寿安太后嗔怪:“傻孩子,母后还不是为了你,你没看出来你三哥喜欢你三嫂喜欢的紧。”
“对你三嫂好,就是对你三哥好,等你三嫂以后有了孩子,他们的孩子继续为你效力。”
皇帝皱着的脸舒展开,一脸兴奋:“还是母后想的周到。”
“三嫂,你快生啊,给三哥生五个儿子,帮我执掌东南西北四大边军,还有宫中禁卫。”
寿安太后端起茶碗,饮茶掩饰眼里的无奈和恨铁不成钢。
蠢货,客套话,你却当真了!
大齐所有的军队全到了你三哥手里,你的皇帝就做到头了。
谢应淮余光瞟到太后眼里的不满,拿出为人师表的态度教育皇帝:“陛下,军队不能掌管在一人手中,您要学会制衡,才能保证我谢家江山经久不衰。”
皇帝感觉出不对劲儿,悄悄抬头看他母后,低声答:“哦,知道了。”
宋青禾抱着肚子,听着几人的话里话,听的脑仁疼。
也不知道宫斗剧里那些削尖脑袋往皇宫钻的女人图什么?
整天这么说话,不累吗?
她快累死了,再也不想来皇宫了。
坐了一上午,困意又上来了,她嘴张到一半,瞟到太后正笑意盈盈看她,忙捂住嘴,生生把剩下半个哈欠咽了回去。
寿安太后轻抚额头,有些疲倦地靠在椅背上。
“昨夜没休息好,困了,都散了吧,哀家要回去休息了。”
皇帝率先蹦起来:“母后,我走了。”
他手悄悄在袖子里朝谢应淮打招呼,转过身又用眼神示意,慢悠悠出门。
谢应淮和宋青禾起身,给寿安太后行礼后,跟在皇帝身后。
永宁宫门口,皇帝笑意盈盈往门里张望,催促:“三哥,你走快点。
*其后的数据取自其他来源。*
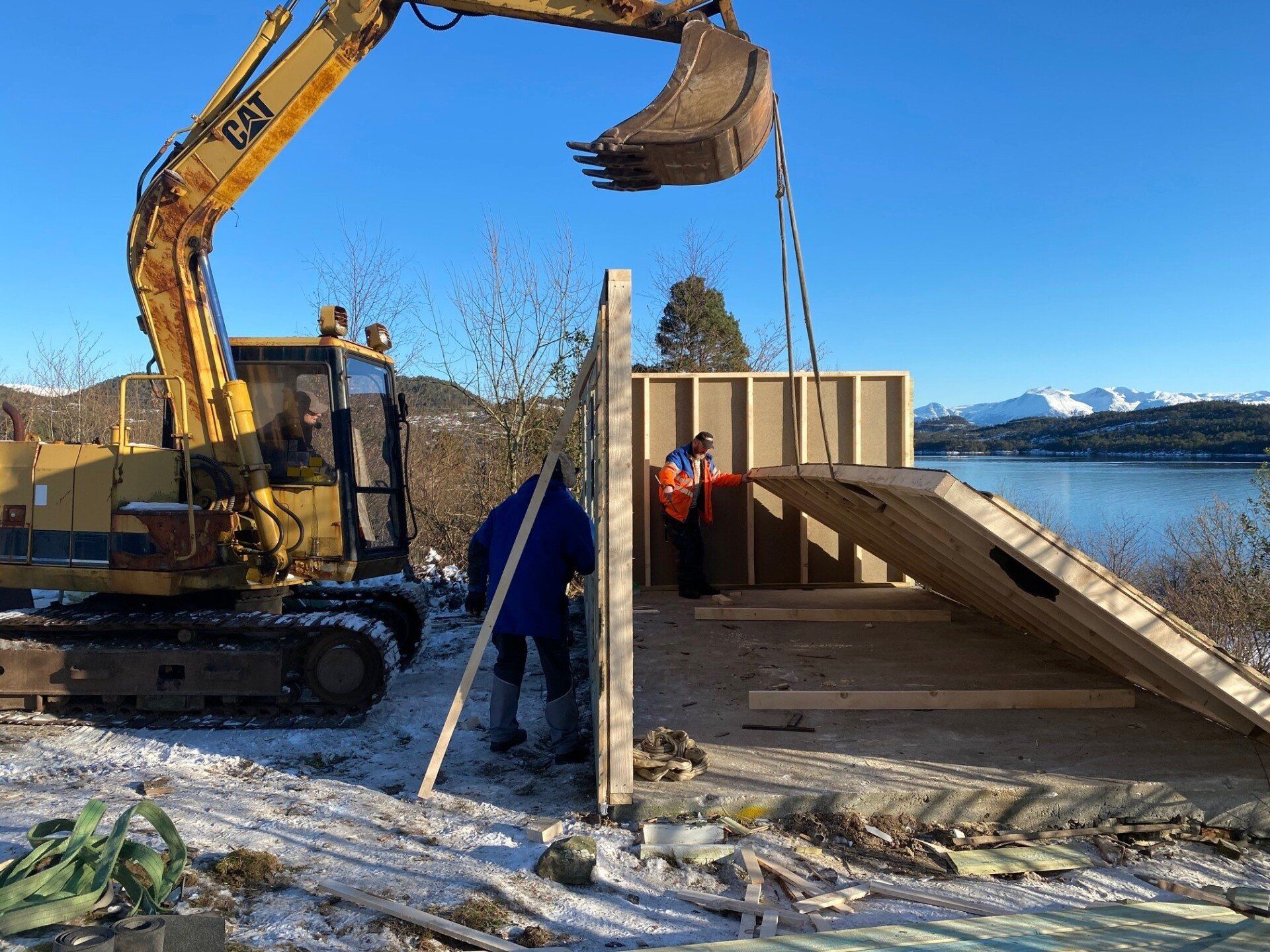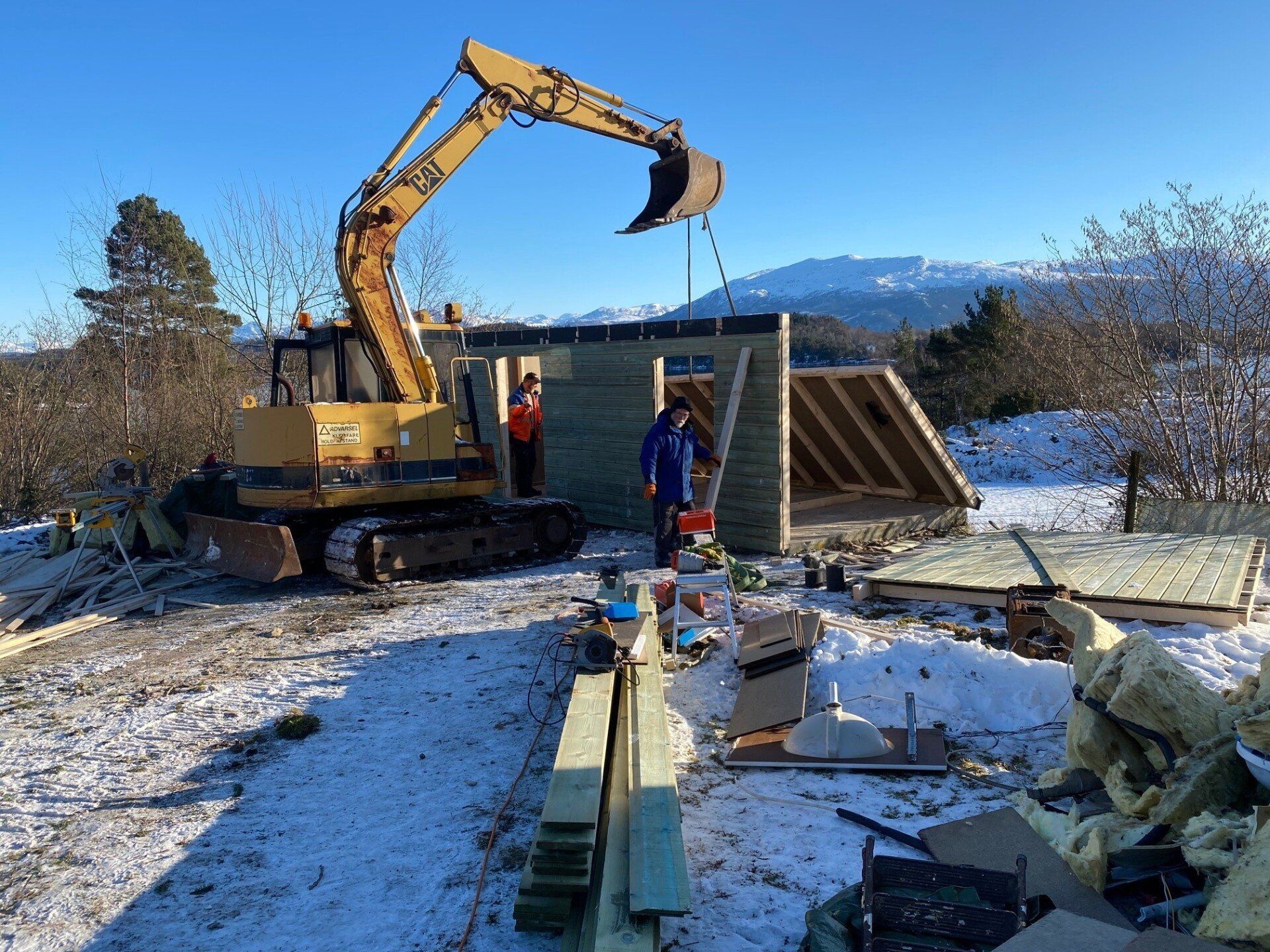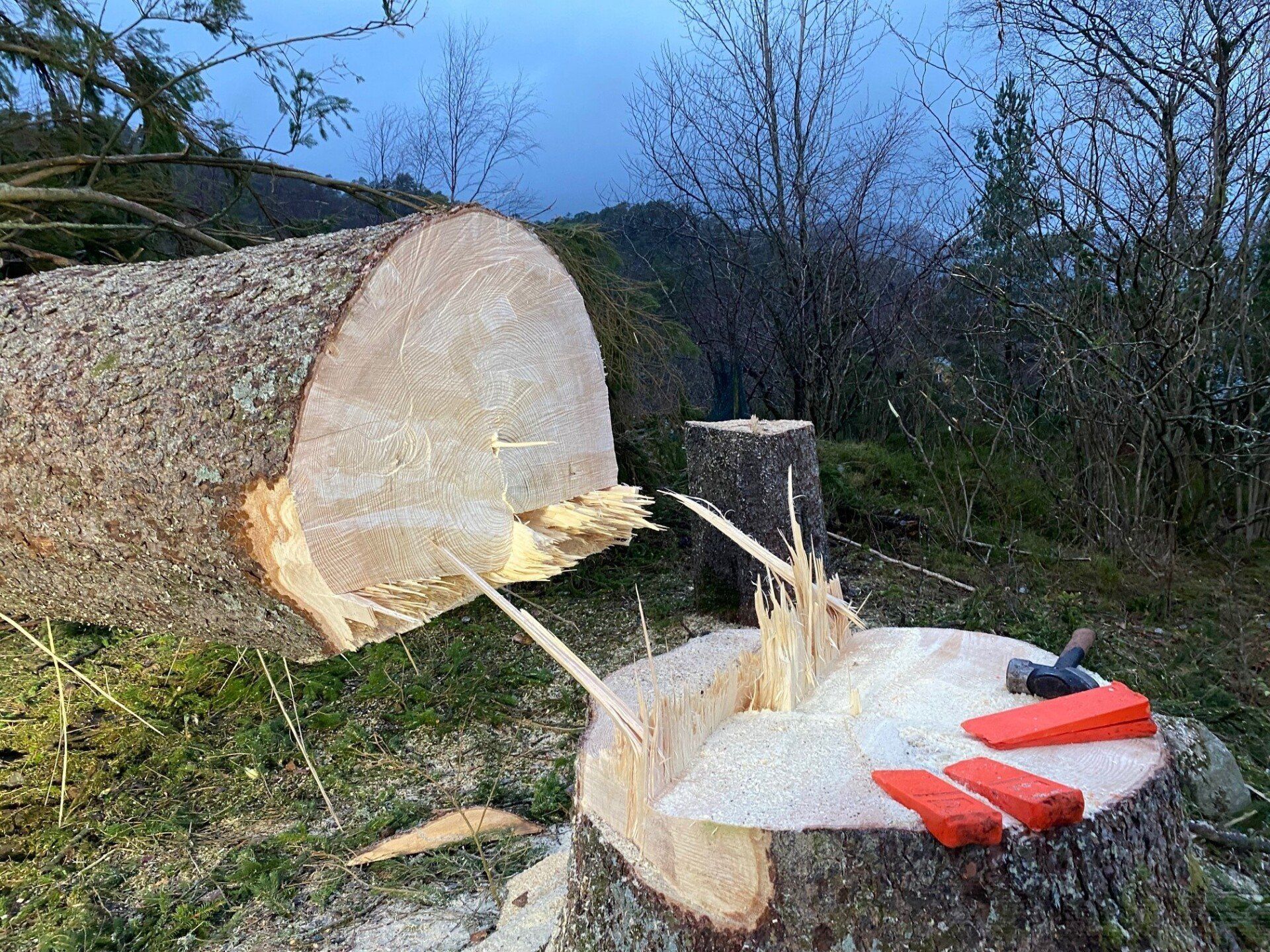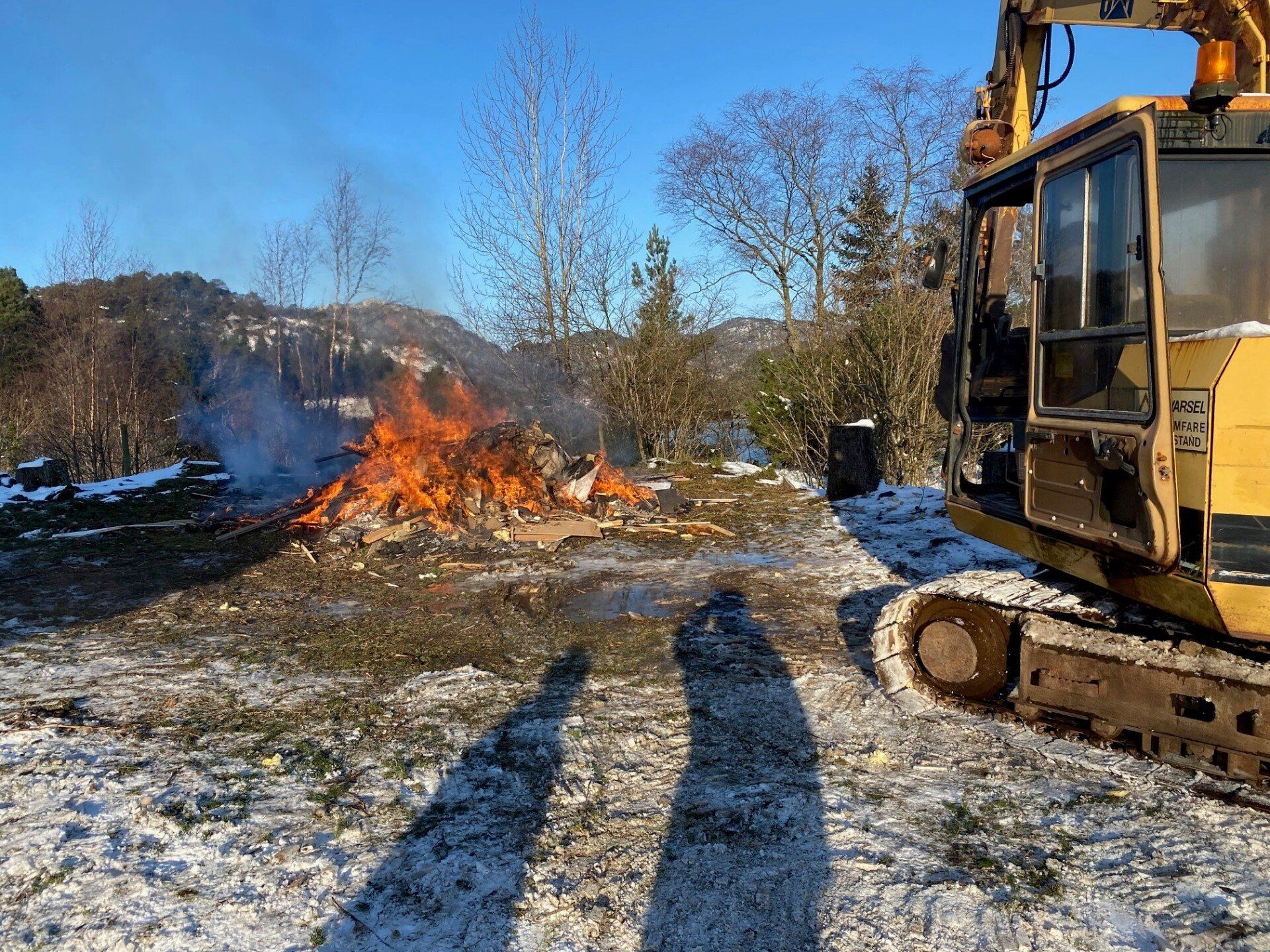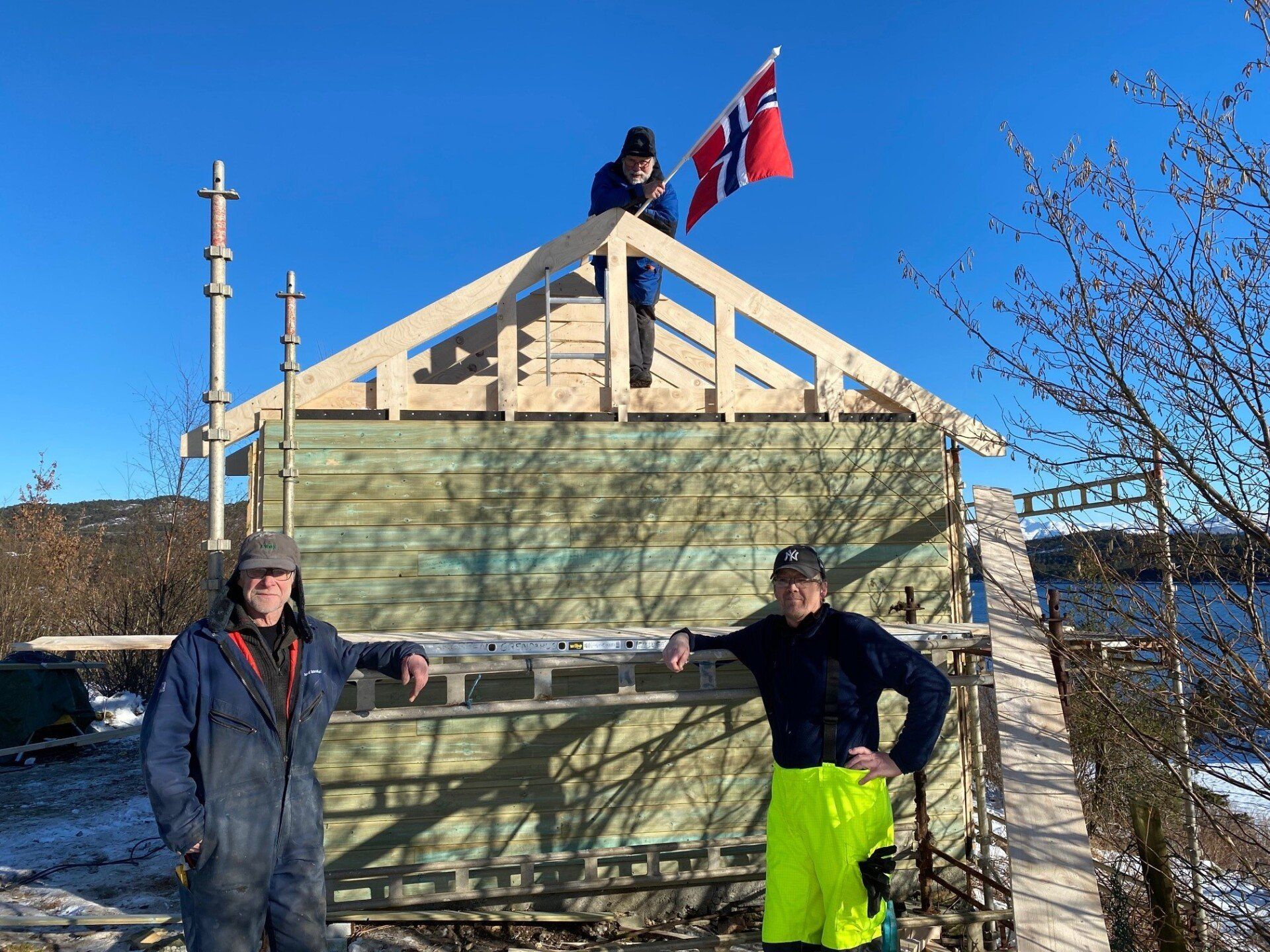 20.november i fjor blei grendahuset ramma av eit lynnedslag som øydela uthuset og det elektriske anlegget fullstendig, samt fleire glassruter blei sprengt. Vi fikk skadene i skulehuset dekt av forsikringa, men uthuset var ikkje dekka. Vi hadde ekstra generalforsamling kor det blei bestemt at vi skulle bygge nytt uthus på dugnad. Vi skulle felle dei store granene og bruka dei til å lage reisverk. Arbeidet blei satt i gong i vinteren 2021 og det gamle uthuset blei revet.

”
谢应淮双脚刚迈出来,皇帝就挽住他的胳膊:“三哥,我研究了三日沙城之战,也没研究明白,你同我演练一下。”
谢应淮刚转过身,还未开口,宋青禾忙开口:“王爷,您去就好,臣妾等着您。”
实际上,她在心里不断哀嚎不要去,不要去,困死了!我要回家睡觉觉!
谢应淮看着宋青禾快睁不开的眼睛,唇角溢出一丝淡淡的笑:“好。”
就是不要如了她的意。
皇帝书房重地,闲杂人等勿进。
宋青禾被安排在御书房偏殿西厢房,桌子上摆了满满一桌子糕点。
她困的要死,却坐在桌子前挪不动脚步。
桂花赤豆糕、牛奶冻糕、豌豆酥、兰花糕······,不但造型漂亮,还香气扑鼻。
乖乖!当皇帝就是好,一个人吃这么多糕点?
她捏起一块绿豆凉糕,闭着眼睛放进嘴里,冰冰凉凉,不甜不腻,好吃。
嘴里嚼着,手里拿着,头一点一点的,快掉到了桌子上。
隔壁书房,皇帝打开暗格,站在二楼,向下俯视宋青禾。
“母后先是逼迫我为你和越寻雪赐婚,今日又故意说她送给三嫂的礼物不值钱,刺激我主动站出来帮三嫂要赏赐,然后把八彩八宝手镯赏赐给三嫂。”
“母后到底是什么意思?”
“她若是疼爱越寻雪,一开始就不该把越寻雪许给你,若是不疼爱她,怎么会把她最珍视的镯子给她?”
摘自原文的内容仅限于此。